私に薬物の類は効力を発揮しないけど、空腹は紛れる。

 

別に初めてって訳じゃない。罪のない人間を殺す事は。戦ってる時も言い聞かせていたけど、今更善人面はしない。それでもストレスはかかる。人柱力のバックボーンを聞かされた事で余計にそう思う。

 

あの人が住んでる気配の無い岩壁地帯。

 

きっとハンさんは好きで彼処に住んでた訳じゃないんだろう。きっと、人柱力で嫌われて追いやられたんだろう。

 

実際、取り返しに来ていた土影も仲間を助ける為ではなく、兵器を盗まれたから取り返しに来てた感じだ。

 

仕切りに人柱力と連呼していたことがその証だろう。
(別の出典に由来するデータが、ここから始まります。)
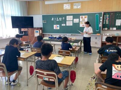 10月1日(火)、学校給食センターの栄養教諭の先生に来ていただき、食育の授業をしていただきました。今回は、家庭科の学習で、「だし」の大切さを学びました。

仲間と…同じ人間だと思っていたなら、そんな物みたいな呼び方じゃなくて、ちゃんと「ハン」と呼んでいたに違いない。

 

里から嫌われる事は何も他人事ではない。私もこの血継限界によって霧隠れで迫害を受けたのだから……。

 

出会い方が違えば、理解し合えたかもしれない。

 

そう思わずにはいられない。

 

平和な世界を目指すにも、過程での犠牲がどうしても付いてくるのは、何とも皮肉な物だ。

 

本当に現実は残酷だ。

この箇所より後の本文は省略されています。